- [Your assignment]
The result should be a word-for-word retyping of the entries below, free of pictures.

- [Given data]

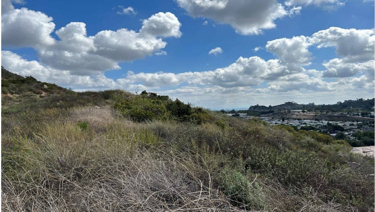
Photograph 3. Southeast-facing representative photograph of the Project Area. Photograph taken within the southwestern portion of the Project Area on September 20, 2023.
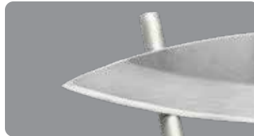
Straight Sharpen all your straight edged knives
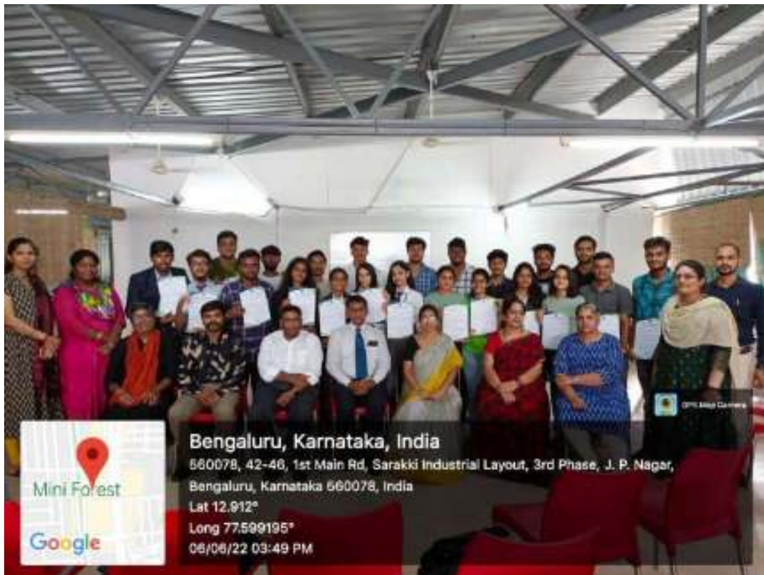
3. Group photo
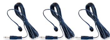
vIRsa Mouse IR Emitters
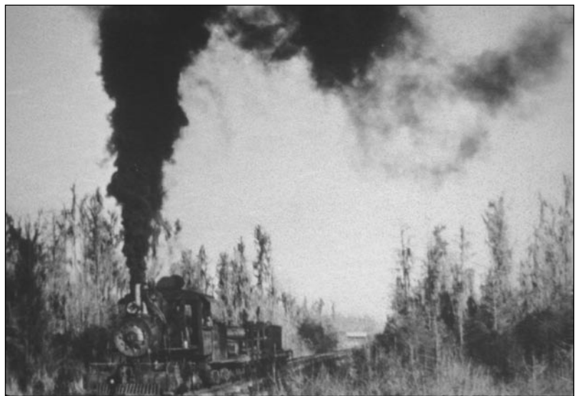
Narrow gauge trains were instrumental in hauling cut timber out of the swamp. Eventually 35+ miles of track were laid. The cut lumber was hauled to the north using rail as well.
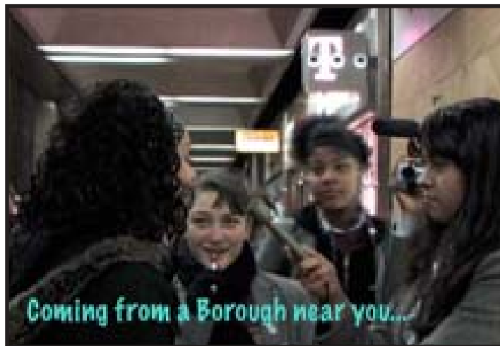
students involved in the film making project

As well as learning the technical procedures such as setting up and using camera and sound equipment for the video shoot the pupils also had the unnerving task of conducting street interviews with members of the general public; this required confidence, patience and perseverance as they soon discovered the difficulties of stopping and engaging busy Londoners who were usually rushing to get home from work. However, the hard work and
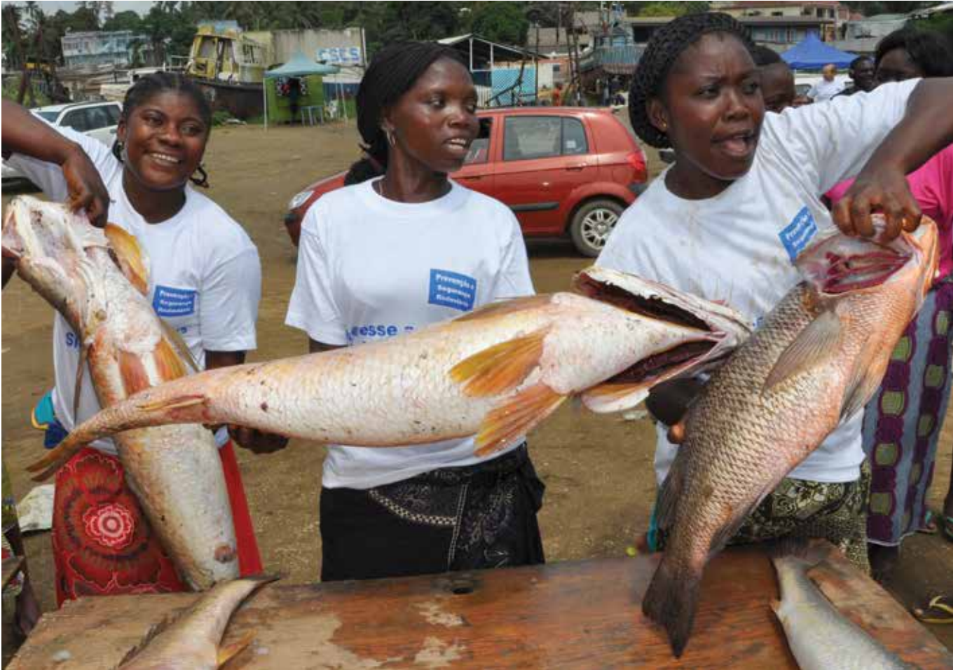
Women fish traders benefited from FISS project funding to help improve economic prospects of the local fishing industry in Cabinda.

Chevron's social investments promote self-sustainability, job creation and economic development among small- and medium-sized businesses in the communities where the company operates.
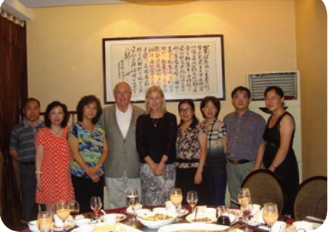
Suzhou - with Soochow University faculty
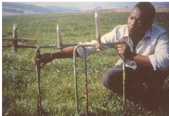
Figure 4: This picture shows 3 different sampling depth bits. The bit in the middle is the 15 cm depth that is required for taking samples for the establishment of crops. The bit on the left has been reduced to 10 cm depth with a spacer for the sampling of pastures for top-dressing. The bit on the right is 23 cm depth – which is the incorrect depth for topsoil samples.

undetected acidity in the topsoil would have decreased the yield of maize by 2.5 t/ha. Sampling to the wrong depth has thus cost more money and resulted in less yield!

- [Solution to this exercise]
Photograph 3. Southeast-facing representative photograph of the Project Area. Photograph taken within the southwestern portion of the Project Area on September 20, 2023.
Straight Sharpen all your straight edged knives
3. Group photo
vIRsa Mouse IR Emitters
Narrow gauge trains were instrumental in hauling cut timber out of the swamp. Eventually 35+ miles of track were laid. The cut lumber was hauled to the north using rail as well.
students involved in the film making project

As well as learning the technical procedures such as setting up and using camera and sound equipment for the video shoot the pupils also had the unnerving task of conducting street interviews with members of the general public; this required confidence, patience and perseverance as they soon discovered the difficulties of stopping and engaging busy Londoners who were usually rushing to get home from work. However, the hard work and
Women fish traders benefited from FISS project funding to help improve economic prospects of the local fishing industry in Cabinda.

Chevron's social investments promote self-sustainability, job creation and economic development among small- and medium-sized businesses in the communities where the company operates.
Suzhou - with Soochow University faculty
Figure 4: This picture shows 3 different sampling depth bits. The bit in the middle is the 15 cm depth that is required for taking samples for the establishment of crops. The bit on the left has been reduced to 10 cm depth with a spacer for the sampling of pastures for top-dressing. The bit on the right is 23 cm depth – which is the incorrect depth for topsoil samples.

undetected acidity in the topsoil would have decreased the yield of maize by 2.5 t/ha. Sampling to the wrong depth has thus cost more money and resulted in less yield!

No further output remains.